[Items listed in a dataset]
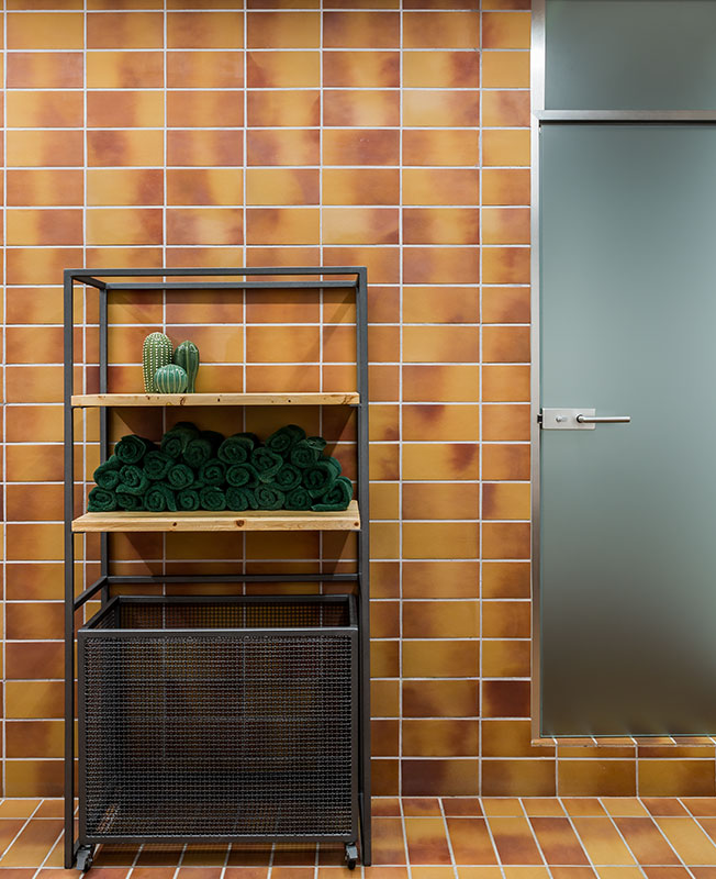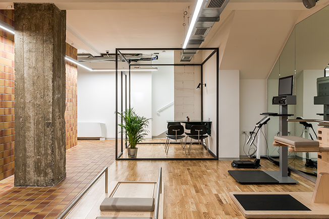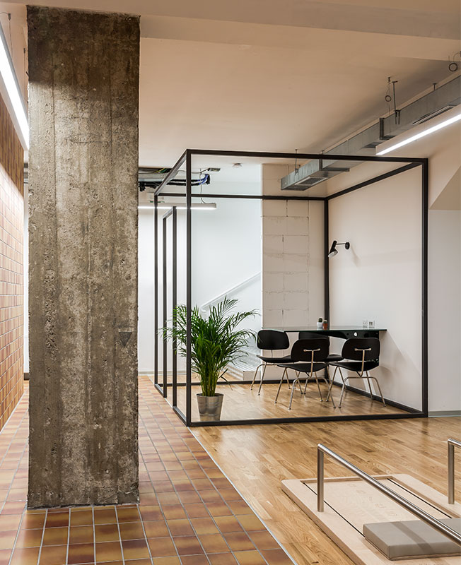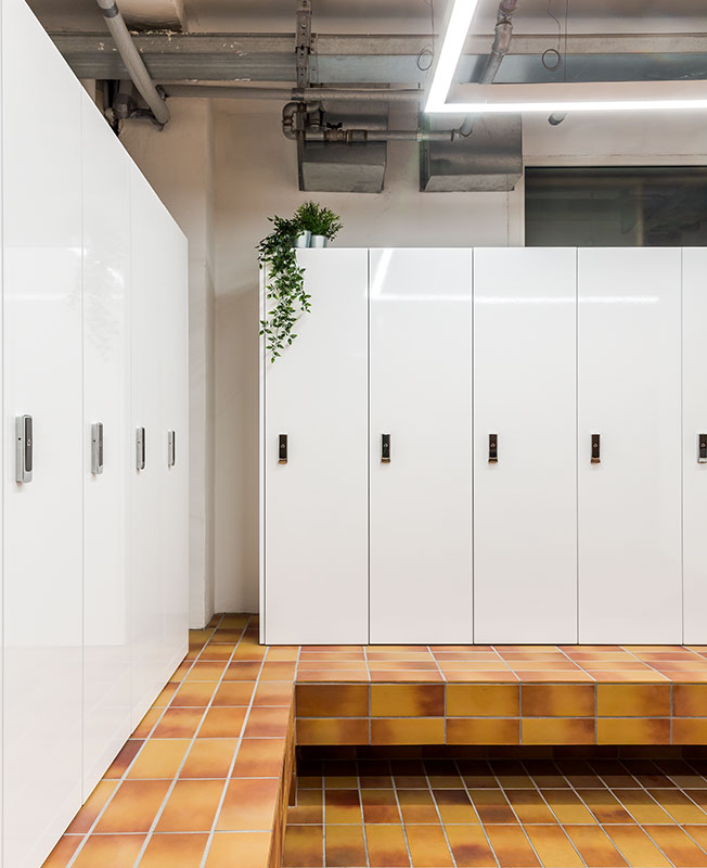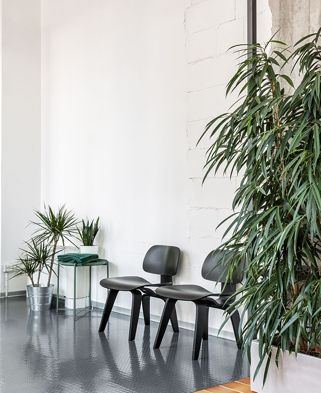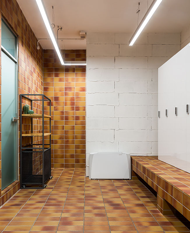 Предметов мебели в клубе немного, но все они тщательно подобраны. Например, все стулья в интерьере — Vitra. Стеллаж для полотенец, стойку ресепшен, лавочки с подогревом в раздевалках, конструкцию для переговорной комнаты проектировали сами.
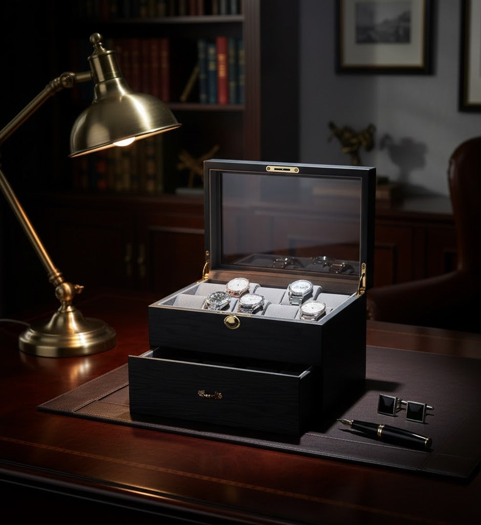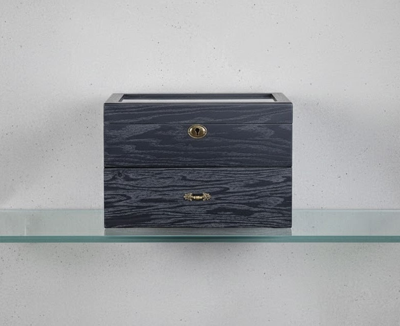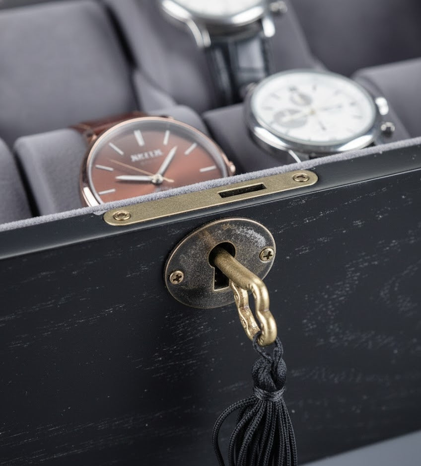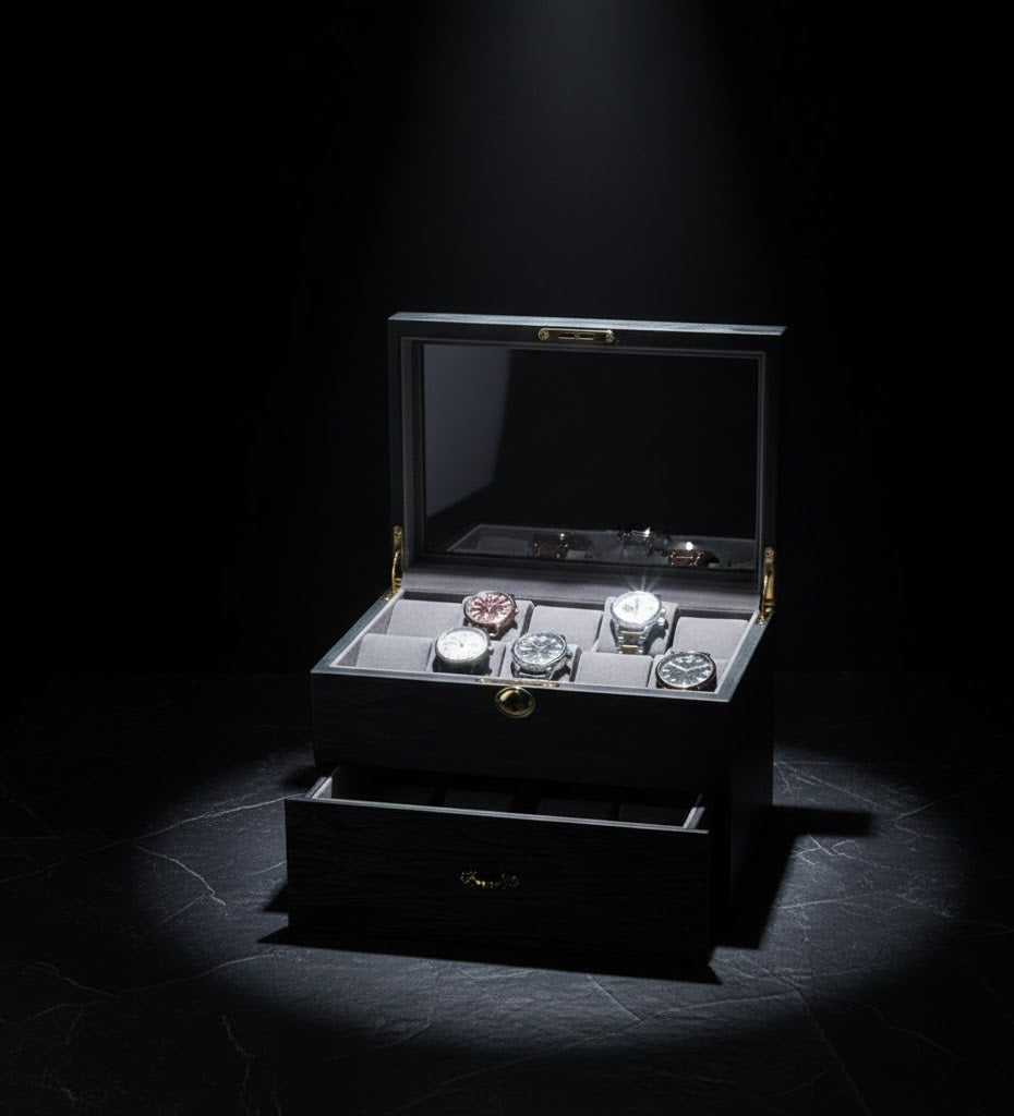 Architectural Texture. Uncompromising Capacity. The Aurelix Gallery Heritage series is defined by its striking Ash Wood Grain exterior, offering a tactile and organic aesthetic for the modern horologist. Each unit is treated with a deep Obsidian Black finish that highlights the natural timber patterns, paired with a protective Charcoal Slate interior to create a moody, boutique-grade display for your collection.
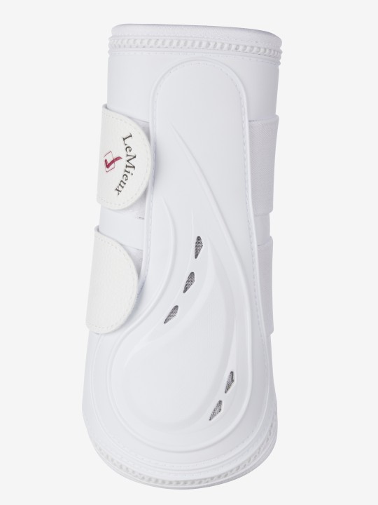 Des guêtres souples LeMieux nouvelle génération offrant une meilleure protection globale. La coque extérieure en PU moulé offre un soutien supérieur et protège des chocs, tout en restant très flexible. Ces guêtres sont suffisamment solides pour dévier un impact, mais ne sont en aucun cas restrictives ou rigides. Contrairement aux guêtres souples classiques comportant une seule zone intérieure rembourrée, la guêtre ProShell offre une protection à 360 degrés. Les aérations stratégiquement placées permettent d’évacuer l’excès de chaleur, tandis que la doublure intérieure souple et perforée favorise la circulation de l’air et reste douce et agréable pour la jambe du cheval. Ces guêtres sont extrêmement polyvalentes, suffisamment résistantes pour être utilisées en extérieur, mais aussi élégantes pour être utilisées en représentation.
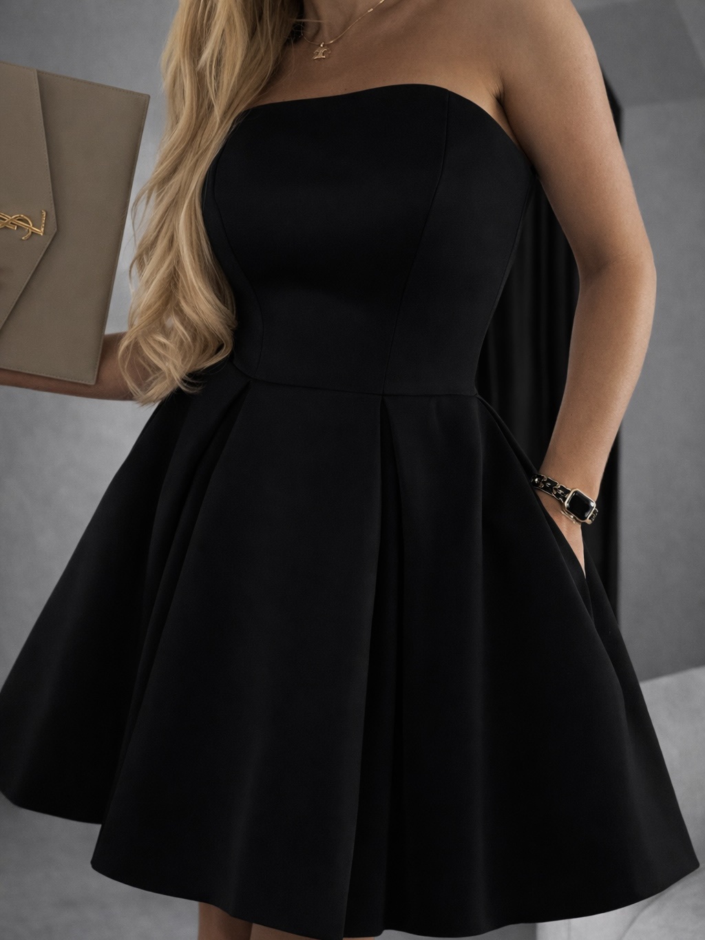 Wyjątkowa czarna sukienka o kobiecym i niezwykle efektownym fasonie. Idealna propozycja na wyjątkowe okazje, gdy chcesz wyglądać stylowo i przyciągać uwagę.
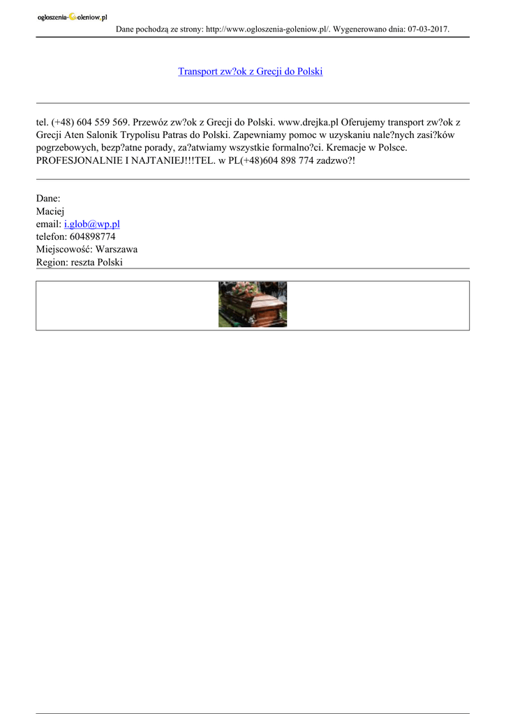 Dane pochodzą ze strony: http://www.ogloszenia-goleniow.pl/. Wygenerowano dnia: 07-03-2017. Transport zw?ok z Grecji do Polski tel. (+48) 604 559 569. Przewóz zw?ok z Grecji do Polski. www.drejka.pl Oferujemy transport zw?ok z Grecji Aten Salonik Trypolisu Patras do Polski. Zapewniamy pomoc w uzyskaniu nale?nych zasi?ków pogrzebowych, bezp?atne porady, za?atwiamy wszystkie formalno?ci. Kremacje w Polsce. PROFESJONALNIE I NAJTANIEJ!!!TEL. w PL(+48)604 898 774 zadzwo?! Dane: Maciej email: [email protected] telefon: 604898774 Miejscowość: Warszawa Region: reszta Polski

[Try it]
Copy the data word for word, no pictures.

[Solution]
 Предметов мебели в клубе немного, но все они тщательно подобраны. Например, все стулья в интерьере — Vitra. Стеллаж для полотенец, стойку ресепшен, лавочки с подогревом в раздевалках, конструкцию для переговорной комнаты проектировали сами.
 Architectural Texture. Uncompromising Capacity. The Aurelix Gallery Heritage series is defined by its striking Ash Wood Grain exterior, offering a tactile and organic aesthetic for the modern horologist. Each unit is treated with a deep Obsidian Black finish that highlights the natural timber patterns, paired with a protective Charcoal Slate interior to create a moody, boutique-grade display for your collection.
 Des guêtres souples LeMieux nouvelle génération offrant une meilleure protection globale. La coque extérieure en PU moulé offre un soutien supérieur et protège des chocs, tout en restant très flexible. Ces guêtres sont suffisamment solides pour dévier un impact, mais ne sont en aucun cas restrictives ou rigides. Contrairement aux guêtres souples classiques comportant une seule zone intérieure rembourrée, la guêtre ProShell offre une protection à 360 degrés. Les aérations stratégiquement placées permettent d’évacuer l’excès de chaleur, tandis que la doublure intérieure souple et perforée favorise la circulation de l’air et reste douce et agréable pour la jambe du cheval. Ces guêtres sont extrêmement polyvalentes, suffisamment résistantes pour être utilisées en extérieur, mais aussi élégantes pour être utilisées en représentation.
 Wyjątkowa czarna sukienka o kobiecym i niezwykle efektownym fasonie. Idealna propozycja na wyjątkowe okazje, gdy chcesz wyglądać stylowo i przyciągać uwagę.
 Dane pochodzą ze strony: http://www.ogloszenia-goleniow.pl/. Wygenerowano dnia: 07-03-2017. Transport zw?ok z Grecji do Polski tel. (+48) 604 559 569. Przewóz zw?ok z Grecji do Polski. www.drejka.pl Oferujemy transport zw?ok z Grecji Aten Salonik Trypolisu Patras do Polski. Zapewniamy pomoc w uzyskaniu nale?nych zasi?ków pogrzebowych, bezp?atne porady, za?atwiamy wszystkie formalno?ci. Kremacje w Polsce. PROFESJONALNIE I NAJTANIEJ!!!TEL. w PL(+48)604 898 774 zadzwo?! Dane: Maciej email: [email protected] telefon: 604898774 Miejscowość: Warszawa Region: reszta Polski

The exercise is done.